France | France, Cour administrative d'appel de Nantes, 6ème chambre, 25 janvier 2022, 20NT03310


Vu la procédure suivante :

Procédure contentieuse antérieure :

Mme B... A... a demandé au tribunal administratif de Caen d'annuler la décision du 30 octobre 2018 par laquelle le directeur de l'office public de l'habitat (OPH) Orne Habitat l'a affectée sur un poste de chargée de clientèle à l'agence d'Argentan.

Par un jugement n° 1900007 du 18 août 2020, le tribunal administratif de Caen a rejeté sa demande.

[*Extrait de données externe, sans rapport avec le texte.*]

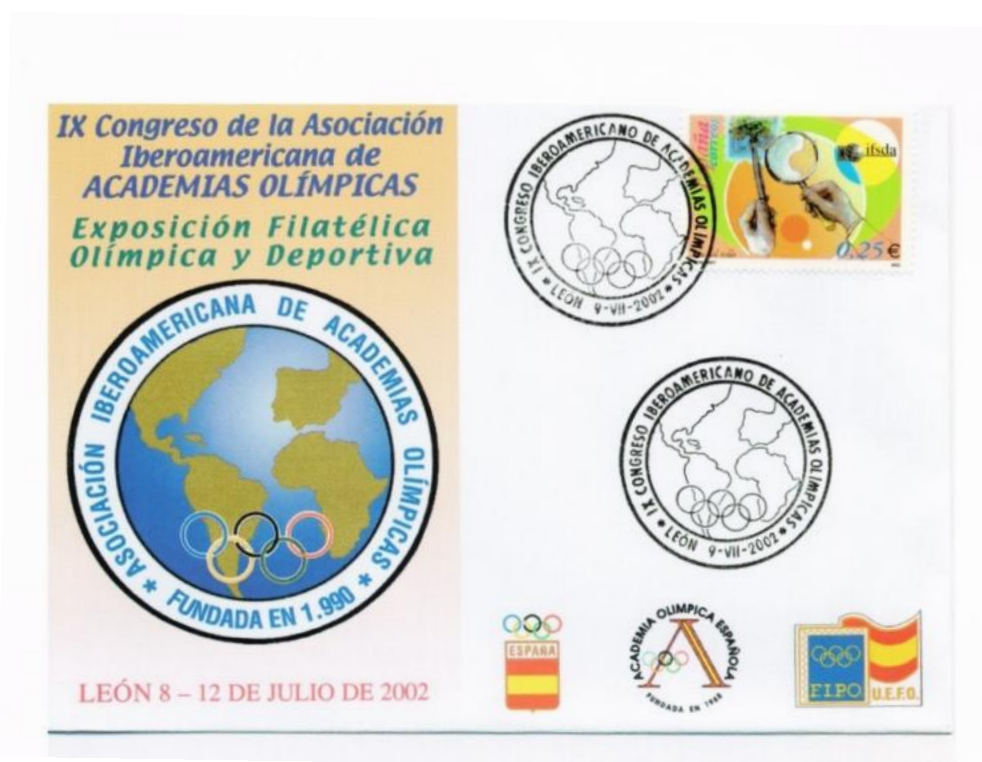
Matasellos alusivo al IX Congreso de la AIAO (Durántez, 2012)

Durántez Corral, C. (2012). El Comité Olímpico Español: Un siglo de historia. Citius, Altius Fortius. Humanismo, Sociedad y Deporte: Investigaciones y ensayos 5(2)- 2012, pp. 9-48. Centro de Estudios Olímpicos de la Universidad Autónoma de Madrid.
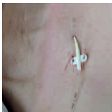
obr. č. 1 pod klíčkem (v. subclavia)
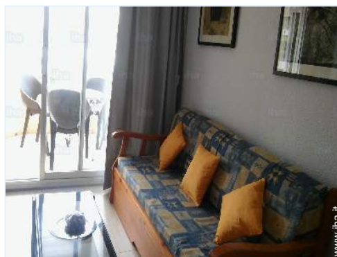
divano(i) letto 2 pers
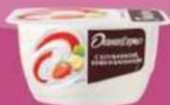
Творожок "Даниссимо", в ассортименте, 5,6% 110 г
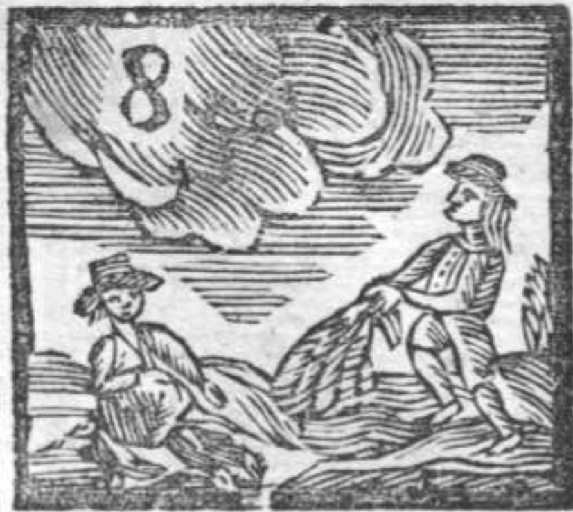
Pollarolo . Nuvole . Pescatore con Rete .
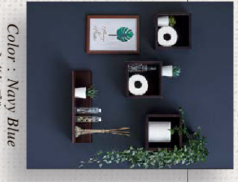
Color : Navy Blue ネイビーブルー

モノがごちゃごちゃしたトイレや洗面室もアクセントボードを設置すればスッキリマグネット付き小物を使って、おしゃれで便利な空間づくりを。
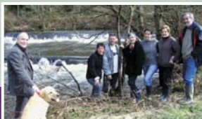
Quelques habitants de Saint-Jacques opposés à l'arasement du déversoir.

Extrait de ce courrier : ...« Pas convaincus sur la nécessité et l'absence d'alternatives, très étonnés de l'urgence apparente et soudaine, soucieux des priorités d'utilisation des fonds publics si rares, non consultés dans la conduite du projet... (les 224 signataires) se déclarent opposés au projet de suppression
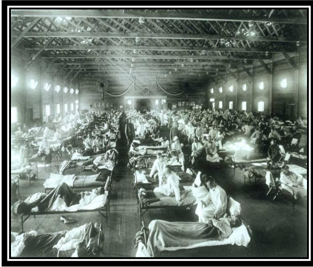
1918: “Испанка” 20 млн погибших
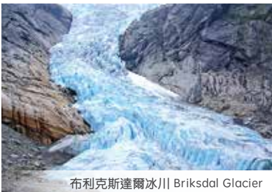
布利克斯達爾冰川 Briksdal Glacier
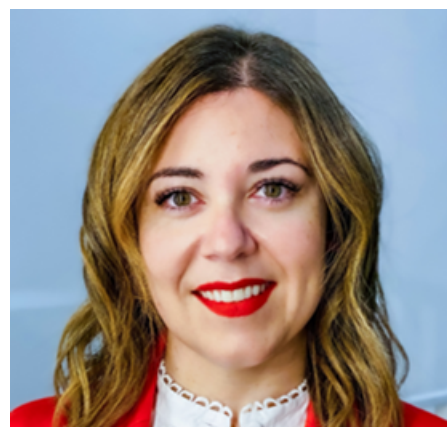
Presidenta WiN España

Women in Nuclear (WiN) España es una asociación apasionada por acercar el conocimiento de la energía nuclear a la sociedad y demostrar su papel crucial en el desarrollo sostenible. Nos dedicamos a la divulgación científica, con el objetivo de derribar mitos y generar conciencia sobre el valor de esta tecnología para un futuro seguro y limpio, y aspiramos a ser una voz de referencia en el mundo hispanohablante.
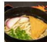
きつねうどん1人前 塩分5.3g

Procédure devant la cour :

Par une requête et un mémoire enregistrés les 19 octobre 2020 et 11 mars 2021, Mme A..., représentée par Me

Désert, demande à la cour :

1°) d'annuler ce jugement du tribunal administratif de Caen du 18 ...

Vu la procédure suivante :

Procédure contentieuse antérieure :

Mme B... A... a demandé au tribunal administratif de Caen d'annuler la décision du 30 octobre 2018 par laquelle le directeur de l'office public de l'habitat (OPH) Orne Habitat l'a affectée sur un poste de chargée de clientèle à l'agence d'Argentan.

Par un jugement n° 1900007 du 18 août 2020, le tribunal administratif de Caen a rejeté sa demande.

Procédure devant la cour :

Par une requête et un mémoire enregistrés les 19 octobre 2020 et 11 mars 2021, Mme A..., représentée par Me Désert, demande à la cour :

1°) d'annuler ce jugement du tribunal administratif de Caen du 18 août 2020 ;

2°) d'annuler la décision contestée ;

3°) de mettre à la charge de l'OPH Orne Habitat le versement de la somme de 800 euros au titre de l'article L.761-1 du code de justice administrative.

Elle soutient que :

- l'auteur de la décision contestée s'est estimé lié par l'avis du comité médical ;

- elle n'a pas été mise à même de consulter son dossier en méconnaissance des dispositions de l'article 65 de la loi du 22 avril 1905 ;

- cette décision n'a pas été prise dans l'intérêt du service ;

- le poste de chargée de clientèle à Argentan n'est pas adapté à sa situation médicale et est contraire aux dispositions de l'article 2-1 du décret 85-603 du 10 juin 1985.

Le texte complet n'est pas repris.